Not sure how attention and transformers are taught nowadays, but my mental image comes from a perspective of word embeddings. (Primarily influenced from one of my past professors Dr. Mohammad Zaki, and my work as a research data scientist working on topic models).

Preliminaries:
Perhaps the most important step to do any sort of ML work is to be able to mathematically model the problem effectively. If you’re unfamiliar with the NLP space, we need to somehow numerically represent words and sentences to actually be used as data. The simple approach would be to one-hot encode a vocabulary to use as the data itself, i.e., represent each word as a standard basis vector in a unique dimension. However, this obviously doesn’t encode a lot of the important ties and information between words.

This was the motivation to a popular word embedding algorithm from about 2013, Word2Vec. The algorithm tries to learning vector representations of an entire vocabulary, with "semantic similarity" embedded into the space by using a distance or similarity measure between the vectors.

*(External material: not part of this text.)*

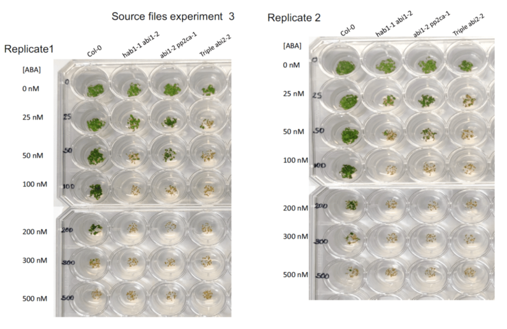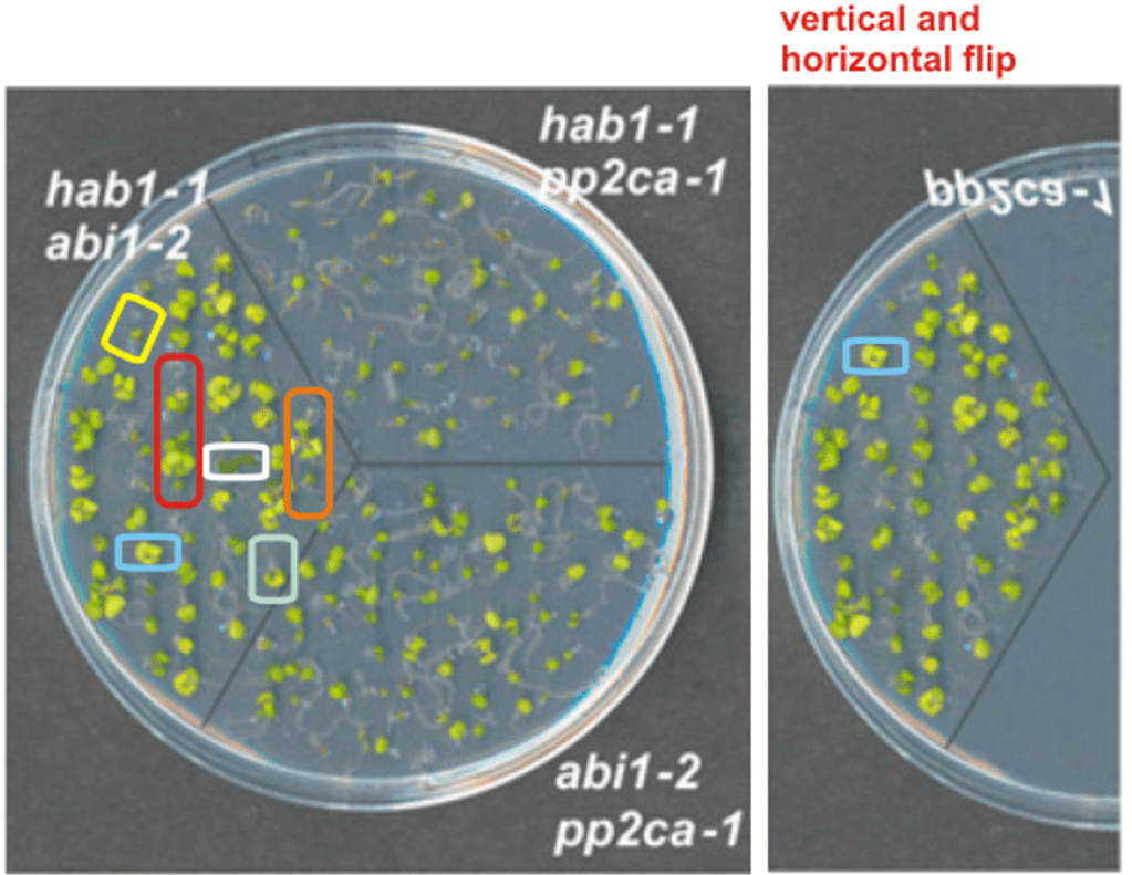 Again it was Elisabeth Bik who found out that in Figure 4C seedlings grown on MS plates containing 200 nM ABA, supposed to represent the double mutant hab1-1 abi1-2 and the mutant pp2ca-1 respectively, were actually sharing a common origin. The little plants are mirrored horizontally, rotated by 180 degrees, and about half of them were digitally modified:

I believe the approach used the autoencoder-esque model, which can be thought of as a feed forward neural network doing some nonlinear compression by an encoder to decoder approach, but if it wasn’t, ultimately some feed forward network is chopped at the end (prediction/softmax layer). This layer at the end defines a high dimensional distribution of word vectors, with numerically close (cosine similarity) vectors are considered "semantically similar". This is effectively done by training the model to predict the word given the context, and the context given a word (the paper calls these two approaches the Continuous Bag of Words model, CBOW, and the Skip-Gram model, respectively).

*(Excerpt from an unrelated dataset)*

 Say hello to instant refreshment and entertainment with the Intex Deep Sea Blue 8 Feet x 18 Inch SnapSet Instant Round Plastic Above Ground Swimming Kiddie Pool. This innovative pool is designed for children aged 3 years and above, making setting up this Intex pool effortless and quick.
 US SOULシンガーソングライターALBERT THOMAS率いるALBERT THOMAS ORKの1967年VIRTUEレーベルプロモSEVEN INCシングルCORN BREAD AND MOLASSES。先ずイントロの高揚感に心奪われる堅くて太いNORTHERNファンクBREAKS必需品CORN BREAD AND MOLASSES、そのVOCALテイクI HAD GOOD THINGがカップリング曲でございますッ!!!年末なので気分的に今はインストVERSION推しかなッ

Minutiae about Word2Vec: I don’t really like having blog posts linking to other blog posts unless they’re worthwhile topics, but if there’s interest, I can talk more about the details of Word2Vec.

Motivation:
Word2Vec is a static model in the sense that there is only one vector representation of each word, learned/trained off the context. Certainly we can train the model consistently to learn new contexts to account for data shift, but there will still be scenarios where words can have multiple meanings and be semantically similar/distant depending on the context. Consider the word bank, which can be used in a variety of contexts: the river bank, banking a basketball, a financial bank. The dimensionality of the vector space is likely to be limited to learn all the possible word-to-word interactions, and thus if these varietal contexts are equally distributed in the data, the model will have to learn a vector space where the bank vector is equidistant from river, basketball, financial (assuming these are contextually unrelated). This motivates being able to learn some dynamic, contextual representation of word vectors, where we pay attention to the context.

Attention Mechanism:
Attention is just a new term to coin the well used mathematical idea of averaging in the context of word vectors (think statistical expectation and weighing by probabilities, or along the lines of adaboost if you’re familiar).

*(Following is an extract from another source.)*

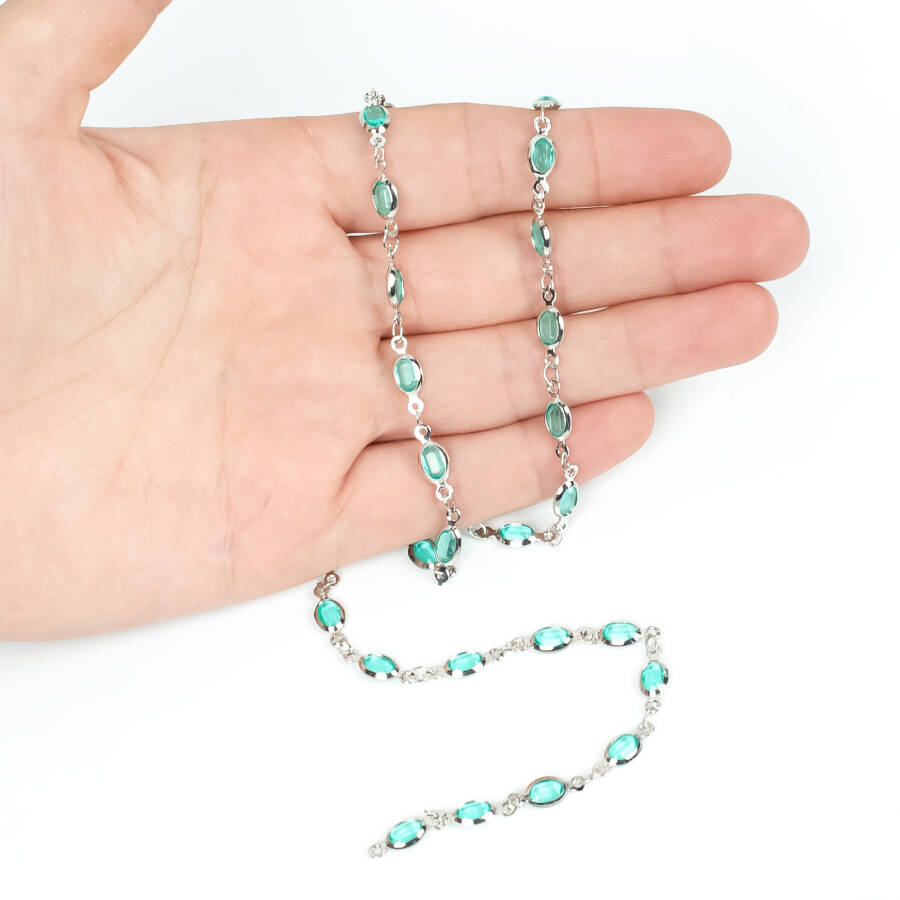 TURKUAZ TAŞLI ZİNCİR, PİRİNÇ MALZEME, RODYUM KAPLAMA

(I believe the initial idea was introduced in the RNNSearch paper, where they learned an encoder-decoder model with a bidirectional RNN (think of an RNN learning sequential dependencies not only from the right, but also from the left). They use an encoder-decoder architecture for a translation task, where basically the encoder encodes 1-hot vectors representing words to a shared space to the decoder, where the decoder than transforms the words to corresponding translated words. They used a feedforward network (nonlinear) to learn attention weights, depending on the current context vector (hidden state), the previous word guessed, and the bidirectional hidden states concatenated together (previous hidden state, and the future hidden state from the reverse direction). The outputs I believe were then softmaxed to produce a valid probability distribution, and be used as the averaging weights to the next context vector)

In the paper introducing transformers (Attention Is All You Need), the idea remains similar: weigh a vector representation by some similarity measure on the context. First, here’s a high level overview: I’ll talk about the input, the transformations, and the output of what we call a self-attention block.

All parameters are user defined and not set in stone unless specified otherwise. The input to the self-attention is pretty standard to NLP: a block of token vectors \({\mathbf{x}}_i \in \mathbb{R}^{d_{model}}\) (paper uses 512), with a block length of \(L\). A token is some split component of a word via a preprocessing step, tokenization. Given that we have control of how we want to preprocess our data, tokenization takes words and often splits them into subwords with some base meaning. For example, we can take the word "prejudice" and tokenize it into "pre" and "judice". A block is just a user defined parameter designating the length of the context for a single token. For example, it could be the average or max length of the amount of subwords for a sentence in your corpus.

These inputs are projected (linearly) into 3 different vector spaces: Key, Query, and Value \(\in \mathbb{R}^{64}\). So for each \({\mathbf{x}}_i\) in the block, \({\mathbf{W}}_k{\mathbf{x}}_i \mapsto {\mathbf{q}}_i, {\mathbf{W}}_q{\mathbf{x}}_i \mapsto {\mathbf{k}}_i, {\mathbf{W}}_v{\mathbf{x}}_i \mapsto {\mathbf{v}}_i\), where \({\mathbf{W}}_k, {\mathbf{W}}_q \in \mathbb{R}^{d_k \times d_{model}}, {\mathbf{W}}_v \in \mathbb{R}^{d_v \times d_{model}}\).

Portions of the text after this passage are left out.